A deep dive to understanding the most common executable files and how they work on your system.
Let's talk executable files. This is a very broad topic as there are several types of executable files. The definition of "Executable Files" basically boils down to a file that tells a computer to preform a series of actions. These types of files are typically machine code, byte code, or somehow encoded for machine use. Each machine type executes some executables differently depending on various factors.
According to Wikipedia - "An executable or binary, causes a computer "to perform indicated tasks according to encoded instructions", as opposed to a data file that must be interpreted (parsed) by a program to be meaningful."
The format of an executable depends mainly on the system ABI. Think of the ABI as a bridge between the program being executed and the kernel / OS API. I'm not gonna bore you with the deep details of how OSes work, but instead will keep this part of the post at a high level discussion. A point of clarity, notice I haven't said "program". This is to avoid confusion. Some people consider scripts as programs. Python "programs" themselves are not actually executable, they are interpreted by the Python program and executed by the Python program. This get's most people into a debate on what a program is. Is a Bash script a program? Is C++ source code a program? You can see where I'm going here, and where things get sticky, so we are just going to side step this part of the debate and focus on "executable files" and not semantics of what makes up programs.
Now that we know what an executable is, and what it's not, let's talk about how they are made. Typically we programmers type "source code" which is then compiled into machine code or byte code to be executed. Sometimes this is called "high level code" vs "low level code". Examples of High Level coding languages are Java, Python, C++, Go, Rust etc. Some examples of Lower Level coding languages are C, ASM / Assembly, Cobal, RPG etc.

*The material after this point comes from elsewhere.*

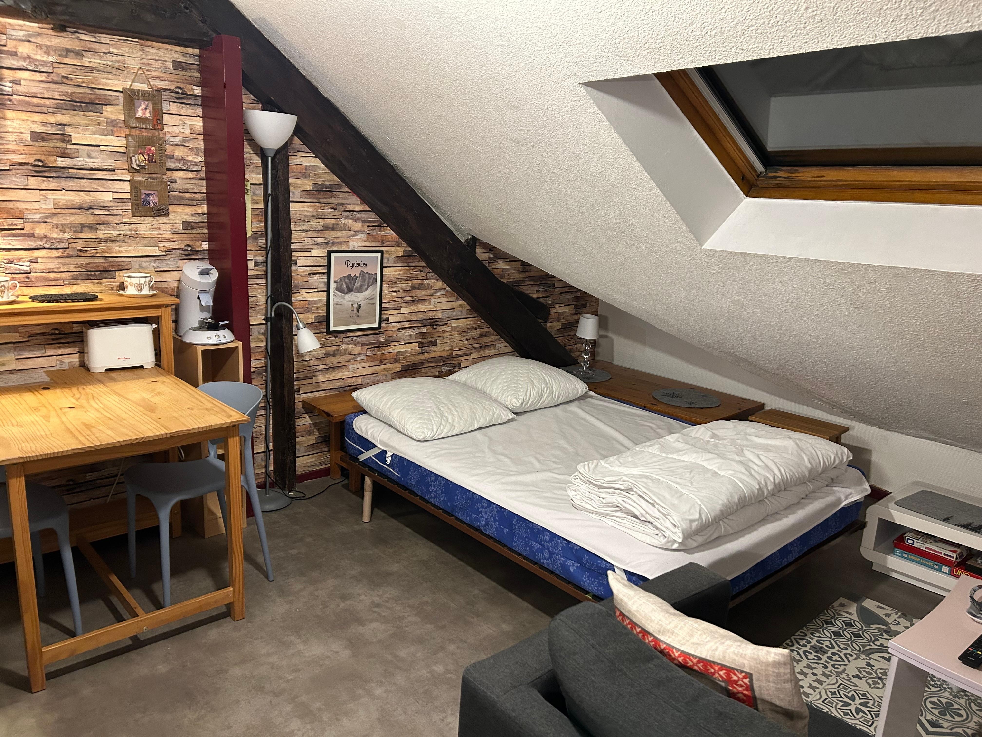 rental for 2 to 3 beds maximum (2 adults and 1 child) located on the 3rd and last floor, .. the studio is 35m² on the ground 15m² Carrez law it has a 140x1 bed. 90 with duvet or blanket, a fixed sofa and a single bed with duvet or blanket, towels and bed linen are not provided. the bathroom has a bathtub, sink and wc ... in the hallway entrance with a large cupboard, the kitchenette is equipped with a microwave, oven, fridge, normal coffee maker and senseo coffee maker, toaster, fondue raclette, dishes etc, tv. vacuum cleaner, in the DRC a ski rack, free parking is right next to the residence, no need to take your car, the cable car is about 300m, the Caesar thermal establishment is 100m as well as the thermal baths center les bains from the rock, the swimming pool, the ice rink, the cinema, the bars and restaurants are nearby, the 3-week cure package is € 490 excluding shelter costs.

"How does a machine know if a file is an executable or not?" you might be asking. This comes down to the formats and headers of a file. Here is a link to a very large table of all the executable formats. This post would be way too long if we were to deep dive into them all. For today's examples, we will be studying mainly ELF files. ELF files are mainly used in the Linux world, but have been used in things like the Nintendo Wii, Android, Power PC etc.
Enough talking, let's start looking at some files to see what they do. For this first example, let's look at Bash. We need to find the location of Bash. To do that, let's run the "which" command on Linux to find Bash.

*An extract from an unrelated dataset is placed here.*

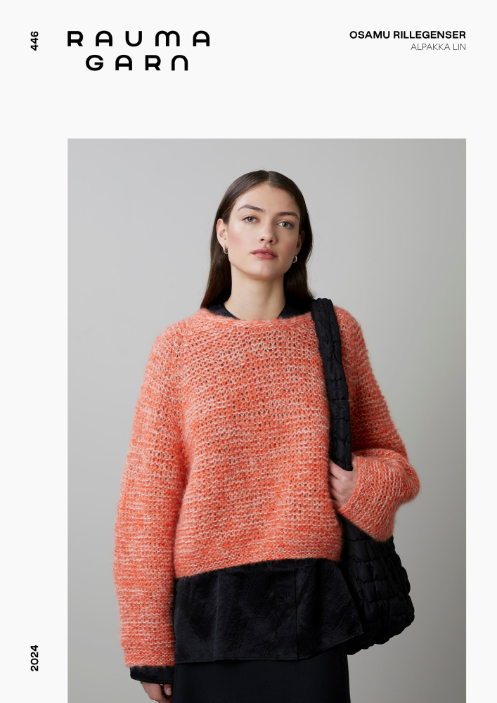 Beskrivelse Osamu rillegenser er en oversized raglangenser strikket ovenfra og ned. Den strikkes med 2 tråder i ulik farge for en melert effekt. Først strikkes det frem og tilbake med raglanøkninger mens det økes til halsutringning. Så legges det opp masker midt foran, arbeidet samles og det strikkes videre rundt mens raglanøkningene fortsetter. Når raglanøkningene er ferdig, deles arbeidet og bol og ermer strikkes ferdig hver for seg. Velg mellom å strikke dem rundt eller frem og tilbake. Mot slutten av ermer og bol, felles det først jevnt fordelt, før det byttes til tynnere pinner. Slik skapes den avrundede fasongen. Til slutt strikkes det opp masker rundt halsåpningen, og halskanten strikkes som en bred I-cordavfelling. Om ermer og bol er strikket frem og tilbake sys de sammen i siden av bolen og midt under ermene. For en oversized fasong, velg en størrelse med brystvidde 30-40 cm større enn din egen. Veiledende pinnenummer: Pinne nr 4.5 og 6 mm Strikkefasthet: 13 m rillestrikk = 10 cm |

Let's take a deeper look at Bash by running the File utility. The File utility reads the headers of a file and leverages magic bytes. What are "Magic Bytes" you ask? Basically it's the first set of bits in a file (the header) that tells the computer what type of file this is. Some call them file headers or file signatures as well. You might also hear them called MimeType. Let's look at bash again, but this time with the File utility.

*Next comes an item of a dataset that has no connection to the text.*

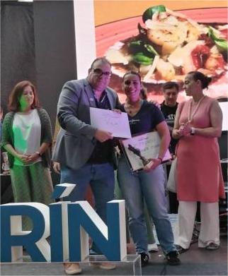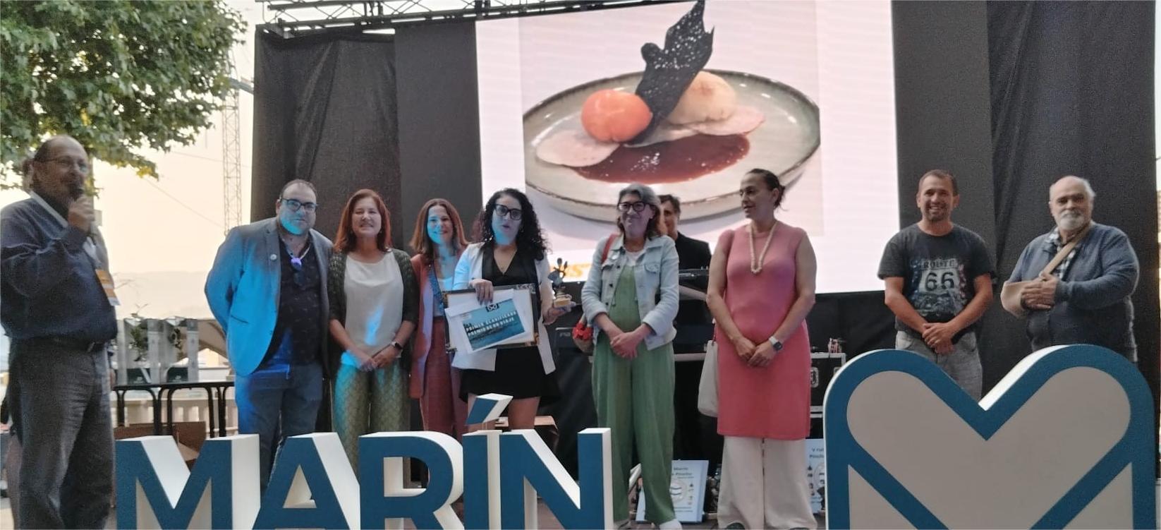 Cafetería La Real por su pincho 'Realmente bueno 2.0' que sus representantes recogieron de manos de la Concejala de Turismo del Concello de Marín, Cristina Acuña.

So, looking at the above information we get a lot of info about /usr/bin/bash. First, we see it's a 64 bit ELF executable. We also see it's dynamically linked (more on this later). and you see the interpreter location, as well as the Build ID. Let's look a little closer at this file. Let's look at a snippet of the file in Hex. I ran
wc -l in this example to show you that the file /usr/bin/bash is over 6000 lines long. We are only going to be looking at the beginning of the file by piping the Hex dump to
head and only the top 30 lines
Right there at the start you can see this is an "ELF" file. Other file types use different headers. An example is PE files which start with "MZ" headers. Pretty much every file type has a signature. So we know the type of file, but looking back at our previous "File" command output, it says it's a dynamically linked file. This is because Bash relies on other files to run. In windows these are commonly "DLL" files. DLL stands for Dynamically Link Libraries. Getting back to Linux, let's examine what library files it uses when running. We can do this using the
ldd utility. Look at the screenshot below.
What we know so far
So now we know that bash is an ELF file, and it leverages 5 other files to run. We also have examined the first part of the file using
head to trim the output. That's great! We have a ton of ideas about this file already with just a few commands. Let's take it a step further now. Let's create a hash of this file. File hashes are used to identify files often. We can search file hashes in several places, and Virus Total is a great resource if you think a file is possibly malicious. Let's make a hash of /usr/bin/bash with the
sha256sum utility. As you can see below, I've created a hash and looked it up at Virus Total. You can see the results here. You can also use
sha1sum to generate the other hashes.
Now we know this version of Bash isn't evil, let's dig even further. If you are following along in your own VM or on your own machine, you will need to install 2 programs. Strace and Ltrace. On Debian / Ubuntu these are installed by
sudo apt install -y strace ltrace. Once those are installed, we can now do a library trace of a program and output the data to a file. Since Bash is interactive, and won't close until you tell it, let's pick another program. I'm going to use tar for these commands.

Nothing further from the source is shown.